We observe that a European Call option with strike $L > K$ can be seen as a Call option with strike $L-K$ on a Call option with strike $K$. Under no arbitrage assumptions, this yields immediately that the prices of the two contracts are the same, in full generality. We study in detail the relative pricing function which gives the price of the Call on Call option as a function of its underlying Call option, and provide quasi-closed formula for those new pricing functions in the Carr-Pelts-Tehranchi family [Carr and Pelts, Duality, Deltas, and Derivatives Pricing, 2015] and [Tehranchi, A Black-Scholes inequality: applications and generalisations, Finance Stoch, 2020] that includes the Black-Scholes model as a particular case. We also study the properties of the function that maps the price normalized by the underlier, viewed as a function of the moneyness, to the normalized relative price, which allows us to produce several new closed formulas.
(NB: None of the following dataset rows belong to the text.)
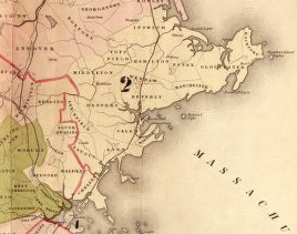 Detail of: Title: A map showing the Congressional districts of Massachusetts as established by the Act of Sept. 16, 1842 / [S.l. : s.n., ca. 1842?] Call Number: G3761.F7 1842 .M3 Repository: Library of Congress Geography and Map Division Washington, D.C. 20540-4650 USA dcu Digital Id: g3761f ct002131 Library of Congress Catalog Number: 2007630411
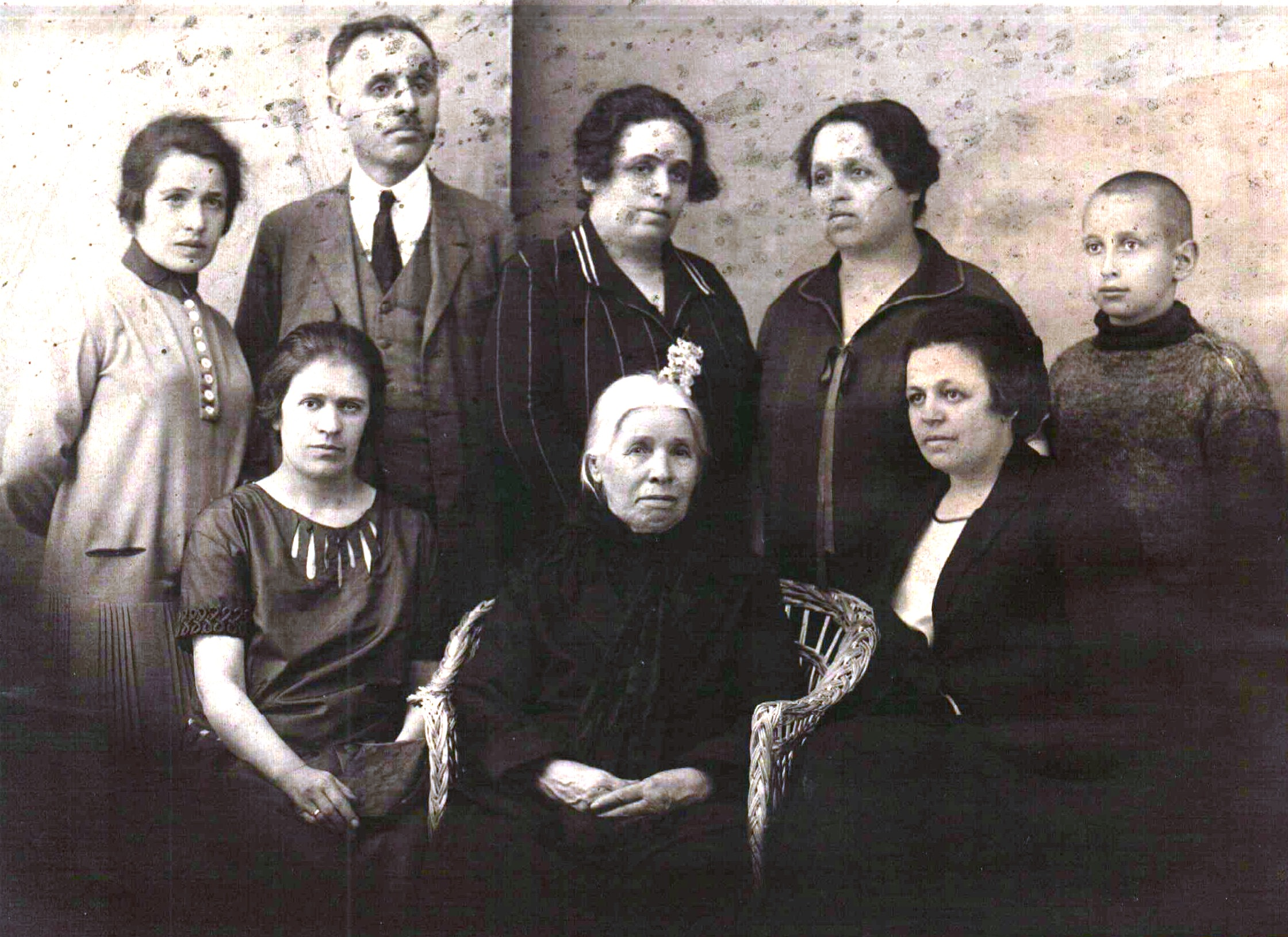 Bulgarian actress Zlatina Nedeva (1878-1941)
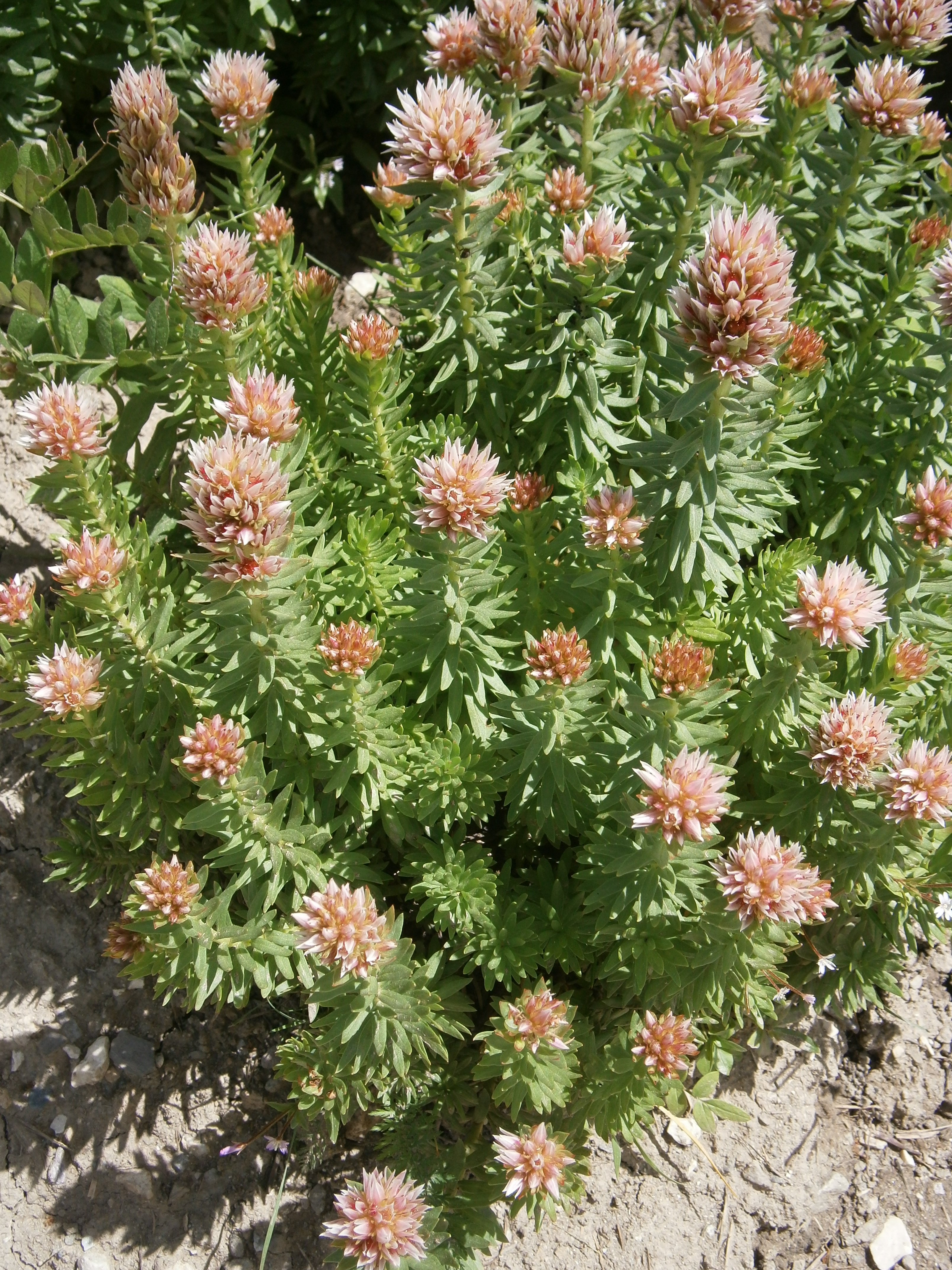 Rhodiola rhodantha in the Jardin Botanique Alpin du Lautaret
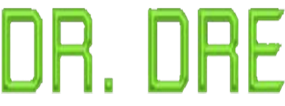 Dre Dre logo
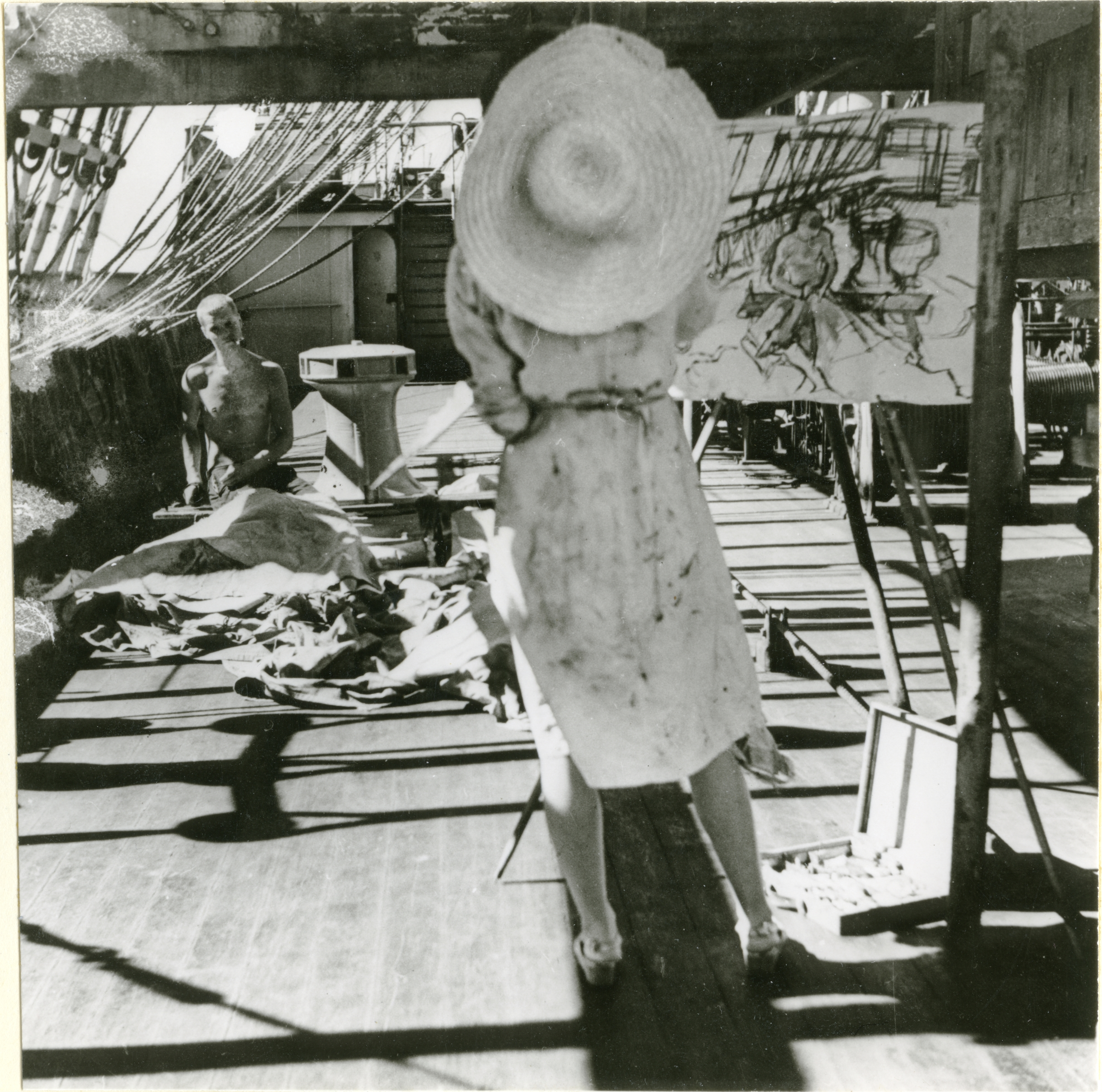 The artist Hilde Lütken-Bengtsson on the ship Passat in 1947 on its way Carlshamn - Cape Town.

In connection to the symmetry transformation of a smile, we build a lift of the relative pricing function in the case of an underlier that does not vanish. We finally provide some properties of the implied volatility smiles of Calls on Calls and lifted Calls on Calls in the Black-Scholes model.

Suggested Citation

  • Claude Martini & Arianna Mingone, 2023. "Options are also options on options: how to smile with Black-Scholes," Papers 2308.04130, arXiv.org.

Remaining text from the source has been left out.